Your family’s parenting plan should include weekly, weekend, monthly, and holiday visitation scheduling. Here are some simple ways to work out your plan by following a preset guideline.

  • Children are with Mom from 6 pm on Sunday evening until 3 pm on Friday evening, then Dad has the children from 3 pm on Friday evening until Sunday at 6 pm. (5 Mom/2 Dad, 5 Mom/2 Dad,etc…)

  • Children are with Mom from 6 pm on Sunday evening until 6 pm on Friday of the following week (standard visitation), then Dad has children from 6 pm on Friday to 6 pm on Sunday. (12 Mom/2 Dad, 12 Mom/2 Dad)

  • Standard visitation, but Dad also gets the kids on Weds.

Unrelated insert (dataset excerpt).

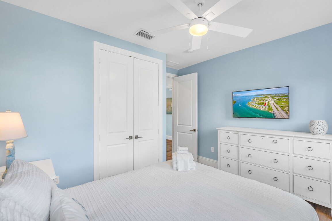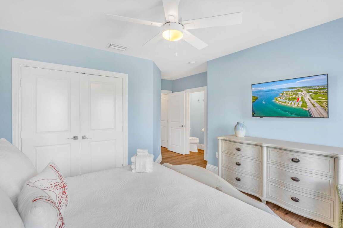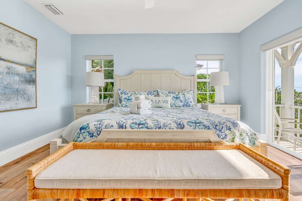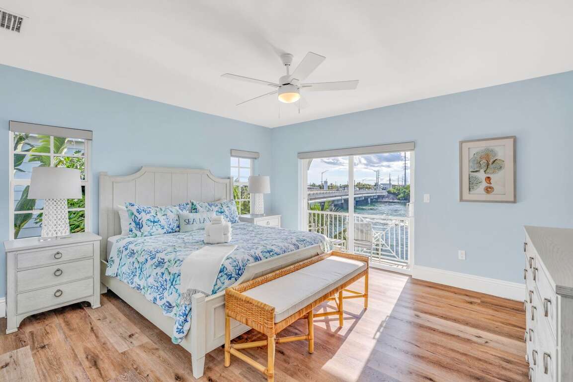 Sleep in Comfort: Master suite with walk-in closet & private balcony overlooking Vaca Cut. All bedrooms have Smart TVs and 4 of 5 bedrooms have blackout shades for restful sleep.

Evenings for dinner, homework, and activities.

  • My own parenting arrangement is 10 days with Mom/4 days with Dad.

  • If you have extended family helping you with school pick ups and drop offs, it is still the parent’s responsibility to ensure the correct timing for school and activities. For instance, if you’d like your mom to pick up your children from school, the school will need documentation about who is allowed to pick up the children. Likewise, make sure you inform the school if someone must be removed from the list. You may not remove a parent without the proper documentation though.

  • Young children—I am very sorry to say that although I personally believe that children should have years to stay home with their mom, the courts generally rule that moms will need to go back to work. (Imputed Income is a topic of interest to SAHMs, or stay-at-home-moms). Staying at home with children is considered a lifestyle choice, rather than a necessity for children. So, again, if your divorce is going to be uncontested, be ready for this. Otherwise, get some legal help and contest it. But be aware that you can only get money from a spouse who HAS MONEY. For instance, if your husband makes $45,000, he will most likely not be able to pay his expenses, plus child support, plus alimony because you are making a “lifestyle choice” to stay home with children. The mother’s income will be considered necessary, even if it means childcare expenses also.

  • A note on Assistance for Single Mothers and Fathers: at tax time, single and working parents are allowed to take the Earned Income Tax Credit, but only when single. If you remarry, you will lose it.